[Start of section]
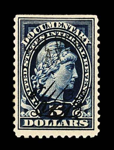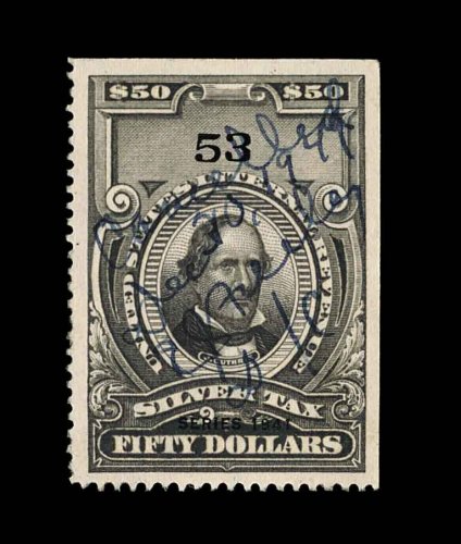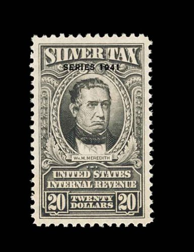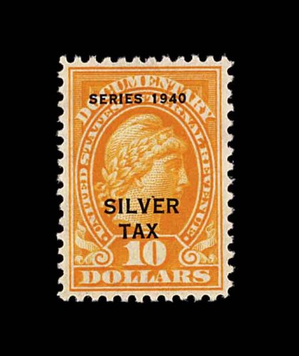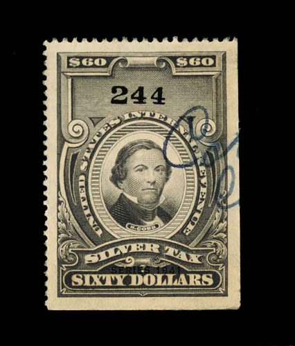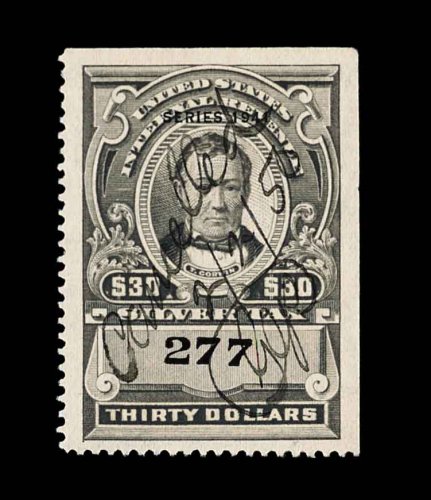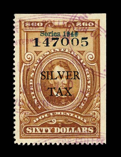 1934 O RG56 image#RG56, $60.00 Brown, handstamped "Series 1940" in blue, a superb used example of this tremendously rare stamp, featuring flawless centering amid extravagantly large margins, strong rich color on bright fresh paper, very light and unobtrusive violet oval handstamp cancels, extremely fine. This stamp is not only one of the key Silver Tax rarities, but is also one of the rarest stamps in all of United States philately, with only four recorded examples - all of which are used. In the past twenty years, three of the four examples have appeared in auction. In 1980, one not quite as well centered as the Floyd copy was sold as part of the important collection of United States revenues formed by George T. Turner (Daniel F. Kelleher Co., Inc. - sale #546), and it is the only one of the four to be accompanied by a PF certificate. A second example appeared eleven years later in the massive 1991 Joyce sale. Both the Joyce and Floyd examples are perfectly centered. This third copy appeared a few years later in a Michael E. Aldrich sale, where Larry Lyons acquired it for $13,000.00, after fierce bidder competition. In the sale of Mr. Lyons' collection by this firm in January 2000, Mr. Floyd was the ultimate winning bidder, again against considerable competition, for $22,000.00, plus the 10% buyer's premium. An exciting opportunity for the serious revenue collector, Silver Tax specialist or for the collector of Lincoln related items who is seeking a highlight for an award-winning exhibit. Accompanied by a 1994 PSE certificate (the only one certified by the PSE). (Image) 15,000.00
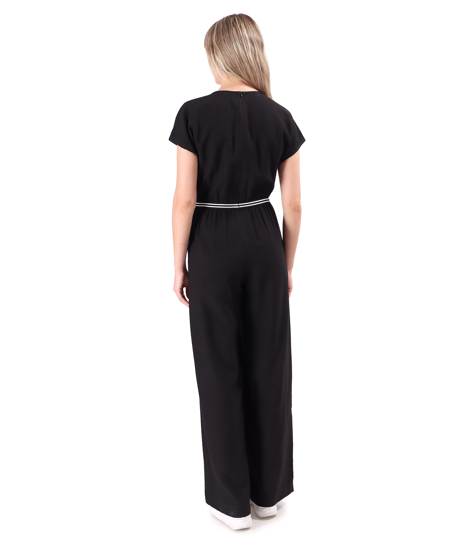 Salopeta lunga din viscoza cu buzunare si garnitura elastica (Negru), marimea
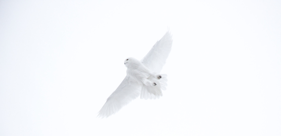 After watching a male snowy owl sit on a telephone pole, he took off and I captured the perfect image
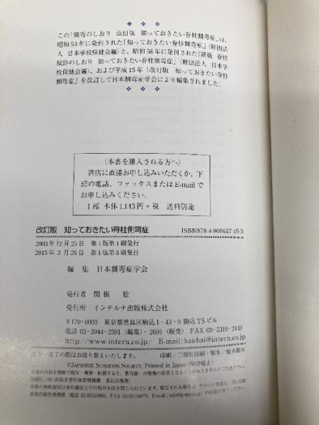 改訂版 知っておきたい脊柱側弯症 インテルナ出版 日本側湾症学会
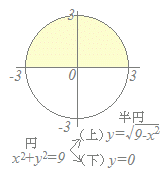 図形上は,(上):x+も(下):x−も と−から同じ分量xだけ持ち上げているので,面積は元の円と等しいということになります. |
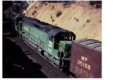 BN 2080, a GP-38-2 led an Inside Gateway joint WP/BN train at MP2 north of Keddie,Ca in August of 1976.
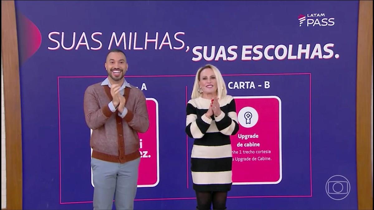 No formato de um “game” ao vivo, Ana Maria Braga recebeu, na estreia do quadro, o economista Gil do Vigor como parceiro de desafio. Juntos, os dois interagiram com o público e participaram de dinâmicas que exploram de forma lúdica os principais diferenciais do novo Latam Pass.
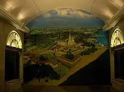 The station features mosaic panels made of smalt depicting the first soldiers of the Semyonovsky regiment who served during the reign of Peter the Great. These panels were crafted by the Russian Academy of Arts,[7] with the artist Alexander Bystrov as the creator.[8]
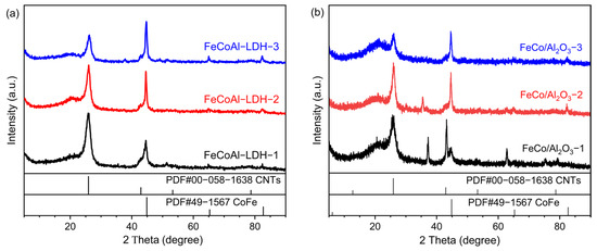 XRD patterns of methane decomposition reaction products catalyzed by (a) FeCoAl-LDH-x and (b) FeCo/Al2O3-x.
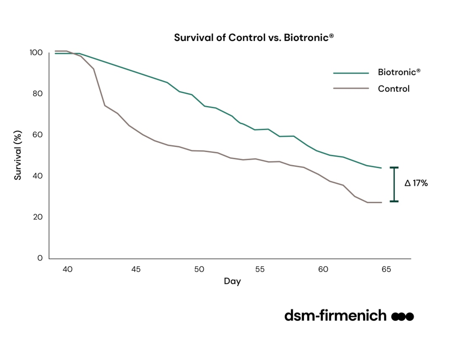 Şekil 3: 65 günlük bir SRS mücadelesinin ardından bir kontrol diyeti (D1) ile beslenen ve 2 kg / t'de Biotronic® Top3 ile desteklenen diyetle beslenen balıkların hayatta kalması.
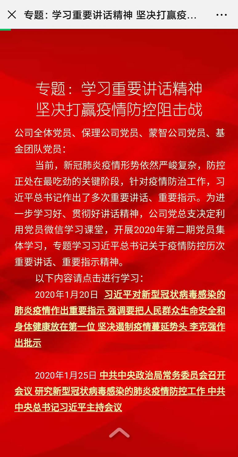 用好“互联网+学习课堂”,疫情期间理论武装不放松。利用党员微信学习课堂、学习强国APP等载体,国资运营公司党员干部专题系统学习了习近平总书记关于疫情防控、经济社会发展等重要讲话精神以及党中央和自治区党委关于疫情防控的决策部署、命令。借助H5新媒体手段,公司党总支制作了《党员倡议书》,宣传号召党员干部争当疫情防控志愿者,为疫情防控作出贡献。通过微信群等载体,公司党员发挥主动性,自觉在学习群中分享新近政策、理论和法律法规等学习内容,随时随地“指尖学习”。多种信息化手段的采用,让公司党员在不聚集的同时,学习不断线、教育不空档。
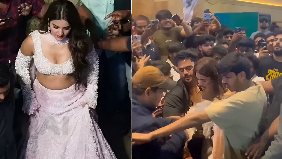హైదరాబాద్లోని ఒక ప్రైవేట్ మాల్లో నిర్వహించిన ‘సహానా సహానా’ పాట విడుదల ఈవెంట్కు నిధి అగర్వాల్ హాజరయ్యారు. అయితే కార్యక్రమానికి ఊహించిన దానికంటే భారీ సంఖ్యలో అభిమానులు తరలిరావడంతో పరిస్థితి ఒక్కసారిగా అదుపు తప్పింది. నిధి అగర్వాల్తో ఫోటోలు దిగేందుకు అభిమానులు ఒకేసారి ఎగబడటంతో గందరగోళం నెలకొంది. ఈ క్రమంలో కొంతమంది ఆమెతో అసభ్యకరంగా, దురుసుగా ప్రవర్తించారని సమాచారం. సరైన భద్రతా ఏర్పాట్లు లేకపోవడమే ఈ పరిస్థితికి కారణమని పలువురు విమర్శిస్తున్నారు.
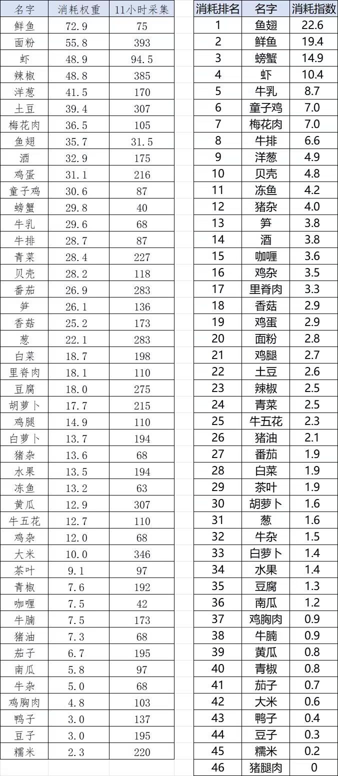 今天突发奇想算一算金符文菜对材料的消耗,看哪种材料消耗得快。 两个结果让我惊讶: 1,很缺的鲜鱼和牛奶只排第2和第5。 2,金符文菜不用猪腿肉。 计算方法是用这个菜的耗时为主参数计算权重值1(0.5+1/耗时),权重值2考虑无冲突菜等因素。然后把所有符文菜的各项耗材数乘以两个权重,得到的这个值叫【消耗权重】。如图左侧。 再除以此耗材的产量,值叫【消耗指数】。如图右侧。 最后降序排列。 不知道这种计
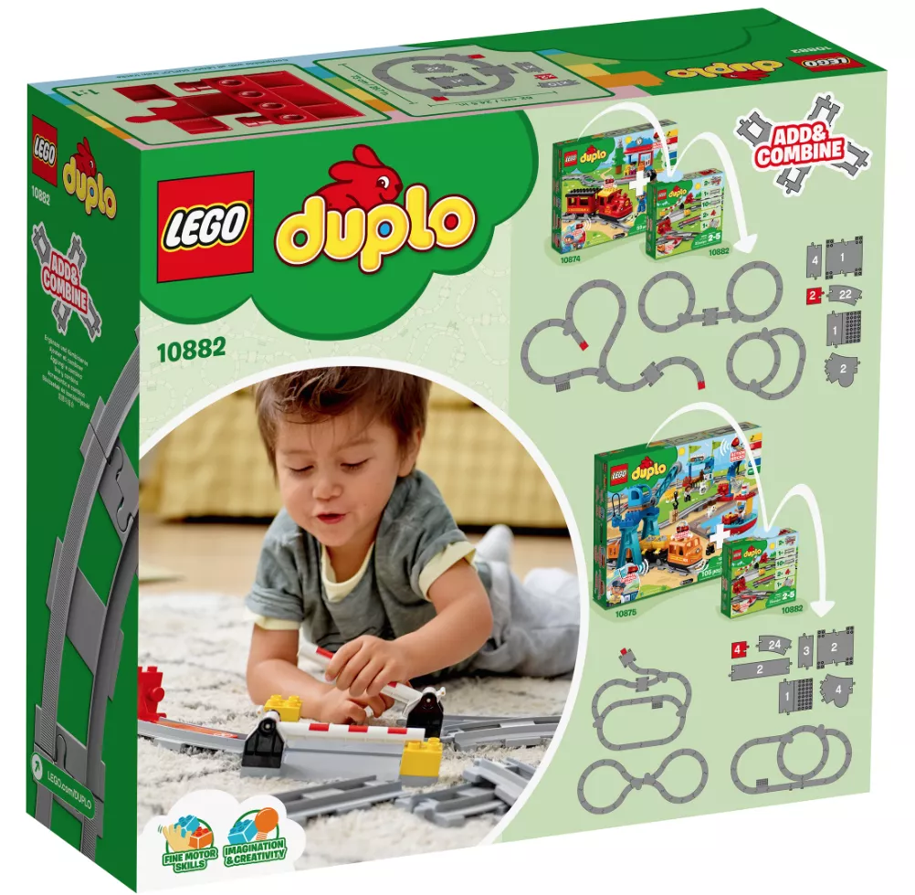 Расширить кругозор ребенка поможет конструктор LEGO DUPLO Town 10882 «Рельсы». Интересный набор поможет понять принцип их работы, а с помощью переключателей можно с легкостью изменять направление или же разыграть ситуацию из жизни на железнодорожном переезде. Оригинальный конструктор отлично дополняется станцией, поездом, длинными путями. Это дает возможность полностью окунуться в мир железной дороги. Ребенку понравится игрушка с рельсами, с ней он будет придумывать новые истории и сюжеты. В процессе игры прекрасно развиваются воображение и мышление, а также улучшается мелкая моторика.
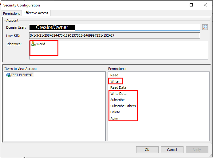 In the Security Configuration Effective Access, the User tested is shown with the Identites it is mapped to, rather than the Identities granting this user rights to the Item being checked.
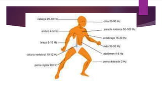 O documento discute os riscos físicos de sobrecarga térmica e vibrações no ambiente de trabalho. A sobrecarga térmica pode causar hipertermia se o corpo não conseguir regular adequadamente sua temperatura. A exposição a vibrações pode causar danos aos vasos sanguíneos das mãos e braços, levando à síndrome da vibração. O documento também discute os riscos do frio excessivo e as normas de segurança aplicáveis.
[End of section]
What is needed is an exact copy of every entry, minus the images.

> Worked solution
 1934 O RG56 image#RG56, $60.00 Brown, handstamped "Series 1940" in blue, a superb used example of this tremendously rare stamp, featuring flawless centering amid extravagantly large margins, strong rich color on bright fresh paper, very light and unobtrusive violet oval handstamp cancels, extremely fine. This stamp is not only one of the key Silver Tax rarities, but is also one of the rarest stamps in all of United States philately, with only four recorded examples - all of which are used. In the past twenty years, three of the four examples have appeared in auction. In 1980, one not quite as well centered as the Floyd copy was sold as part of the important collection of United States revenues formed by George T. Turner (Daniel F. Kelleher Co., Inc. - sale #546), and it is the only one of the four to be accompanied by a PF certificate. A second example appeared eleven years later in the massive 1991 Joyce sale. Both the Joyce and Floyd examples are perfectly centered. This third copy appeared a few years later in a Michael E. Aldrich sale, where Larry Lyons acquired it for $13,000.00, after fierce bidder competition. In the sale of Mr. Lyons' collection by this firm in January 2000, Mr. Floyd was the ultimate winning bidder, again against considerable competition, for $22,000.00, plus the 10% buyer's premium. An exciting opportunity for the serious revenue collector, Silver Tax specialist or for the collector of Lincoln related items who is seeking a highlight for an award-winning exhibit. Accompanied by a 1994 PSE certificate (the only one certified by the PSE). (Image) 15,000.00
 Salopeta lunga din viscoza cu buzunare si garnitura elastica (Negru), marimea
 After watching a male snowy owl sit on a telephone pole, he took off and I captured the perfect image
 改訂版 知っておきたい脊柱側弯症 インテルナ出版 日本側湾症学会
 図形上は,(上):x+も(下):x−も と−から同じ分量xだけ持ち上げているので,面積は元の円と等しいということになります. |
 BN 2080, a GP-38-2 led an Inside Gateway joint WP/BN train at MP2 north of Keddie,Ca in August of 1976.
 No formato de um “game” ao vivo, Ana Maria Braga recebeu, na estreia do quadro, o economista Gil do Vigor como parceiro de desafio. Juntos, os dois interagiram com o público e participaram de dinâmicas que exploram de forma lúdica os principais diferenciais do novo Latam Pass.
 The station features mosaic panels made of smalt depicting the first soldiers of the Semyonovsky regiment who served during the reign of Peter the Great. These panels were crafted by the Russian Academy of Arts,[7] with the artist Alexander Bystrov as the creator.[8]
 XRD patterns of methane decomposition reaction products catalyzed by (a) FeCoAl-LDH-x and (b) FeCo/Al2O3-x.
 Şekil 3: 65 günlük bir SRS mücadelesinin ardından bir kontrol diyeti (D1) ile beslenen ve 2 kg / t'de Biotronic® Top3 ile desteklenen diyetle beslenen balıkların hayatta kalması.
 用好“互联网+学习课堂”,疫情期间理论武装不放松。利用党员微信学习课堂、学习强国APP等载体,国资运营公司党员干部专题系统学习了习近平总书记关于疫情防控、经济社会发展等重要讲话精神以及党中央和自治区党委关于疫情防控的决策部署、命令。借助H5新媒体手段,公司党总支制作了《党员倡议书》,宣传号召党员干部争当疫情防控志愿者,为疫情防控作出贡献。通过微信群等载体,公司党员发挥主动性,自觉在学习群中分享新近政策、理论和法律法规等学习内容,随时随地“指尖学习”。多种信息化手段的采用,让公司党员在不聚集的同时,学习不断线、教育不空档。
హైదరాబాద్లోని ఒక ప్రైవేట్ మాల్లో నిర్వహించిన ‘సహానా సహానా’ పాట విడుదల ఈవెంట్కు నిధి అగర్వాల్ హాజరయ్యారు. అయితే కార్యక్రమానికి ఊహించిన దానికంటే భారీ సంఖ్యలో అభిమానులు తరలిరావడంతో పరిస్థితి ఒక్కసారిగా అదుపు తప్పింది. నిధి అగర్వాల్తో ఫోటోలు దిగేందుకు అభిమానులు ఒకేసారి ఎగబడటంతో గందరగోళం నెలకొంది. ఈ క్రమంలో కొంతమంది ఆమెతో అసభ్యకరంగా, దురుసుగా ప్రవర్తించారని సమాచారం. సరైన భద్రతా ఏర్పాట్లు లేకపోవడమే ఈ పరిస్థితికి కారణమని పలువురు విమర్శిస్తున్నారు.
 今天突发奇想算一算金符文菜对材料的消耗,看哪种材料消耗得快。 两个结果让我惊讶: 1,很缺的鲜鱼和牛奶只排第2和第5。 2,金符文菜不用猪腿肉。 计算方法是用这个菜的耗时为主参数计算权重值1(0.5+1/耗时),权重值2考虑无冲突菜等因素。然后把所有符文菜的各项耗材数乘以两个权重,得到的这个值叫【消耗权重】。如图左侧。 再除以此耗材的产量,值叫【消耗指数】。如图右侧。 最后降序排列。 不知道这种计
 Расширить кругозор ребенка поможет конструктор LEGO DUPLO Town 10882 «Рельсы». Интересный набор поможет понять принцип их работы, а с помощью переключателей можно с легкостью изменять направление или же разыграть ситуацию из жизни на железнодорожном переезде. Оригинальный конструктор отлично дополняется станцией, поездом, длинными путями. Это дает возможность полностью окунуться в мир железной дороги. Ребенку понравится игрушка с рельсами, с ней он будет придумывать новые истории и сюжеты. В процессе игры прекрасно развиваются воображение и мышление, а также улучшается мелкая моторика.
 In the Security Configuration Effective Access, the User tested is shown with the Identites it is mapped to, rather than the Identities granting this user rights to the Item being checked.
 O documento discute os riscos físicos de sobrecarga térmica e vibrações no ambiente de trabalho. A sobrecarga térmica pode causar hipertermia se o corpo não conseguir regular adequadamente sua temperatura. A exposição a vibrações pode causar danos aos vasos sanguíneos das mãos e braços, levando à síndrome da vibração. O documento também discute os riscos do frio excessivo e as normas de segurança aplicáveis.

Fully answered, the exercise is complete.